Many of them – like improvements to air and water quality, cultural and spiritual importance, and even human health and wellbeing – are unlike traditional agricultural or forest products, as they are not sold in the marketplace, but typically consumed free of charge. Since the economic impacts of environmental harm (or conversely, of environmental benefits) are not marketed, they are also often ignored in landowners’ decision-making: these impacts are called “externalities”.
Sven Wunder, Principal Scientist at the European Forest Institute’s Mediterranean Facility (EFIMED), warns that “moving to a ‘full world’ scenario also means multiplying these externalities” and their influence on global ecosystems. The SINCERE project, coordinated by EFI and in which Wunder is a research partner, focuses on developing innovative mechanisms to better take into account such externalities, including novel policies and business models, to enhance forest ecosystem services in ways that benefit forest owners, as well as serving broad societal needs. “Putting a generic value on these services, however, is not enough”, Wunder argues. “For many years now, we have had economic valuation exercises to demonstrate to decision-makers that these services are valuable. But we also need innovative mechanisms so that money actually comes to change hands, providing tangible incentives to landowners to manage their resources in environmentally more benign ways”.
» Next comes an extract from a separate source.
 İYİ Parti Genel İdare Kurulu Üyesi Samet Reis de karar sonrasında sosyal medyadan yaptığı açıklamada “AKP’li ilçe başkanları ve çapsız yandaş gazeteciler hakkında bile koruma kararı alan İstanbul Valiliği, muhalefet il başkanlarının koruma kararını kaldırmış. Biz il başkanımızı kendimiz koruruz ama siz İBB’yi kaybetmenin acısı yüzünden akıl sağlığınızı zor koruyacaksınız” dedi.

One of these innovative mechanisms, the concept of payments for ecosystem services (PES), lays at least part of the foundation for the kind of large-scale, transformational change invoked by the IPBES report. PES target key services provided by ecosystems that are not currently sold in the marketplace and introduce transactions that provide financial compensation for the supply of these services. For Wunder, this mechanism represents one potential means of addressing the dangers of increasing global demand, pointing out that “payments for ecosystem services have mushroomed in many regions of the world because they are specifically designed to deal with these externalities.” The challenge, however, is to make people pay for global environmental services and assets, such as biodiversity conservation, when instead they may try to free-ride on the payment of others. “For lower-scale services, such as watershed protection, we have seen a much more dynamic expansion in PES: it is usually easier to agree among water users than biodiversity users that everyone benefitting should pay”, concludes Wunder.
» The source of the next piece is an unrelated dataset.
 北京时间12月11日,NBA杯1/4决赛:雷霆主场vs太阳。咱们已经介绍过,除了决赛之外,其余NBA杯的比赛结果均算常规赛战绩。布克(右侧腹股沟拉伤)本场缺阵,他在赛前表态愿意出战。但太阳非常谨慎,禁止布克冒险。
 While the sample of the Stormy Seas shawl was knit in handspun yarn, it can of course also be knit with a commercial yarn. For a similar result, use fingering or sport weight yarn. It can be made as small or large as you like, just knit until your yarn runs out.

Díaz, Settele, and Brondízio agree, stating in their summary that “the widespread internalisation of environmental impacts, including externalities associated with long-distance trade, is considered both an outcome and a constituent of global and national sustainable economies”. While growing populations and economies result in complicated demands on the Earth’s resources, multifunctional ecosystems can be managed to provide a wide variety of ecological, social and economic benefits. SINCERE works at the juncture of these global changes, pushing a new paradigm that proposes concrete, transformative solutions, which can be pieces in the puzzle of how to better protect the Earth’s resources.